Segment Open

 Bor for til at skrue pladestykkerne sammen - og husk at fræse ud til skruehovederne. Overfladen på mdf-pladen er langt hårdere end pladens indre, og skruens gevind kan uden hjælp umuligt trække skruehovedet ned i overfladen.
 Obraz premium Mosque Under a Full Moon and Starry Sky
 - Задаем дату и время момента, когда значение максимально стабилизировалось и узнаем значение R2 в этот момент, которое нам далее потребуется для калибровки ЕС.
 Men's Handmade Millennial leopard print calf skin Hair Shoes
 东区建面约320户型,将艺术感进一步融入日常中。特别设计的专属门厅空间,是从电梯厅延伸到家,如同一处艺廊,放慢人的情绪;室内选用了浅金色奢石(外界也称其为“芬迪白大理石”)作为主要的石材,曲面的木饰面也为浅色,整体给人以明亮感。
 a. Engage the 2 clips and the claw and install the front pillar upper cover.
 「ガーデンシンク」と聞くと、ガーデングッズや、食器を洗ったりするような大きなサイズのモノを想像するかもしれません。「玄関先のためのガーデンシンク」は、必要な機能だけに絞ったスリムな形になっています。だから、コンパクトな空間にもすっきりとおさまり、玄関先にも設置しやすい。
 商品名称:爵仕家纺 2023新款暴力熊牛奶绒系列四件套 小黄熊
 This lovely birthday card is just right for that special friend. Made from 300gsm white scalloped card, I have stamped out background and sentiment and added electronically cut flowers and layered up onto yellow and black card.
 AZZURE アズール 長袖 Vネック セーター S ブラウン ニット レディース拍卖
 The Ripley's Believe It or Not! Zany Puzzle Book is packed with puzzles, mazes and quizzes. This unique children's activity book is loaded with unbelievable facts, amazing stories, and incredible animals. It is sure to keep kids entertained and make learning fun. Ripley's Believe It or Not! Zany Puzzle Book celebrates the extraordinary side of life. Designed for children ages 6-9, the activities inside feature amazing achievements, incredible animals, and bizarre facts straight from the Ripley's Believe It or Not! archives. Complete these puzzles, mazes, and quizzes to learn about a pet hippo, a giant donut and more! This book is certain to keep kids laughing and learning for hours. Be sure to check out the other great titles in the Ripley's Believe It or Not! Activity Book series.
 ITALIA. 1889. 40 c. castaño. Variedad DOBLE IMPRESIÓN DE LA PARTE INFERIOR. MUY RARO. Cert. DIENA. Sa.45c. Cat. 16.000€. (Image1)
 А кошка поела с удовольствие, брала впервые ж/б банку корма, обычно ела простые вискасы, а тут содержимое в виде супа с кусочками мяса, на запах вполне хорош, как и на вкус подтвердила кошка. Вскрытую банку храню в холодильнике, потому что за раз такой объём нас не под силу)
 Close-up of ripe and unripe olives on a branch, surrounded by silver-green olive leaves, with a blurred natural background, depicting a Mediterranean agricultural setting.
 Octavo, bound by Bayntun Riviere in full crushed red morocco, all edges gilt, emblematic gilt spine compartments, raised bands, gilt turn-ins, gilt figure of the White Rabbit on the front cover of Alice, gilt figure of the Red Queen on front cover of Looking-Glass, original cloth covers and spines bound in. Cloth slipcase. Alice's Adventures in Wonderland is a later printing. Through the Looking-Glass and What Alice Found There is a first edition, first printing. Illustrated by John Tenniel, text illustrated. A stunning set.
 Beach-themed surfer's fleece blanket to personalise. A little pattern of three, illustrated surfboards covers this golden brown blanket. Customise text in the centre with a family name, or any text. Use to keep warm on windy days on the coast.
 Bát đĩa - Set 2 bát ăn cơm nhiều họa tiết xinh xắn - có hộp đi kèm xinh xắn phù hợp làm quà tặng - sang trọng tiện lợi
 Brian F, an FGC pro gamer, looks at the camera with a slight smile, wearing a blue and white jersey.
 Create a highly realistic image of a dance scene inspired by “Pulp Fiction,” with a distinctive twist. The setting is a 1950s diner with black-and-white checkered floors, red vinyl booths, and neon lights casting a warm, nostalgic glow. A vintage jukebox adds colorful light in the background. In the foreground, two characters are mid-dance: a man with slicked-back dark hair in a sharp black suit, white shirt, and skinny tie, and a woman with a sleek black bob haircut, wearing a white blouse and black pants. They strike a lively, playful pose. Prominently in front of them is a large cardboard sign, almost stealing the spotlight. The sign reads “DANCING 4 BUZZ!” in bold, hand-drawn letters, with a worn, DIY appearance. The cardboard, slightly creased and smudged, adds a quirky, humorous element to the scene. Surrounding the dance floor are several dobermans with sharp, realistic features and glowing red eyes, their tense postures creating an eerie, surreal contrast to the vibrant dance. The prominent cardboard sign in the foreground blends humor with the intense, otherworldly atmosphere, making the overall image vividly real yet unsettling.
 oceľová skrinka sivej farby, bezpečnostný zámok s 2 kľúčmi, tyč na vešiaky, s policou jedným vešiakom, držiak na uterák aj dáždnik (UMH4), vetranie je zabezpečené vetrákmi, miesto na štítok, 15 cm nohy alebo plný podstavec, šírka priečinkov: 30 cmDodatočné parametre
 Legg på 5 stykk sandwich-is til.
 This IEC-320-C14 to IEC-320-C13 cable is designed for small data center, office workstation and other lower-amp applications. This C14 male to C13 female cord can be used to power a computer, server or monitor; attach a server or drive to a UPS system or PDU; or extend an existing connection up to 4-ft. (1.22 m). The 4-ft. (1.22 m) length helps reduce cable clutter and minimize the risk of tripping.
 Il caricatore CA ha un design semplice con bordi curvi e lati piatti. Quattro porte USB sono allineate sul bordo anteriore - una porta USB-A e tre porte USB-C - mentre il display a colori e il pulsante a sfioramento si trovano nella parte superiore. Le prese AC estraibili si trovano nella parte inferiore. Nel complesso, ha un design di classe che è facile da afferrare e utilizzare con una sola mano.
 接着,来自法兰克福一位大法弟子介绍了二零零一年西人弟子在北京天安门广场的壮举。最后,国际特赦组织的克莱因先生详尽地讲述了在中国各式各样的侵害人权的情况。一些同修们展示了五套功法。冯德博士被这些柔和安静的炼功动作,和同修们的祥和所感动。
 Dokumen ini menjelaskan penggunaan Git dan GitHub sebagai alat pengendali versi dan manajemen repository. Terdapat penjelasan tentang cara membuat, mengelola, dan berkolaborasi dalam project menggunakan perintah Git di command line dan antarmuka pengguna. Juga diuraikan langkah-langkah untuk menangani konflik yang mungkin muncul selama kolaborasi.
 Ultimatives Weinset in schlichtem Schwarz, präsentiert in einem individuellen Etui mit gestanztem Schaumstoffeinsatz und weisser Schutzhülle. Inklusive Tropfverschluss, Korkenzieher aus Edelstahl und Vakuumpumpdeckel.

Segment Closed

Using the records above, output exactly the lines from the first through the line that contains "- Задаем дату", with both of those included.

 Bor for til at skrue pladestykkerne sammen - og husk at fræse ud til skruehovederne. Overfladen på mdf-pladen er langt hårdere end pladens indre, og skruens gevind kan uden hjælp umuligt trække skruehovedet ned i overfladen.
 Obraz premium Mosque Under a Full Moon and Starry Sky
 - Задаем дату и время момента, когда значение максимально стабилизировалось и узнаем значение R2 в этот момент, которое нам далее потребуется для калибровки ЕС.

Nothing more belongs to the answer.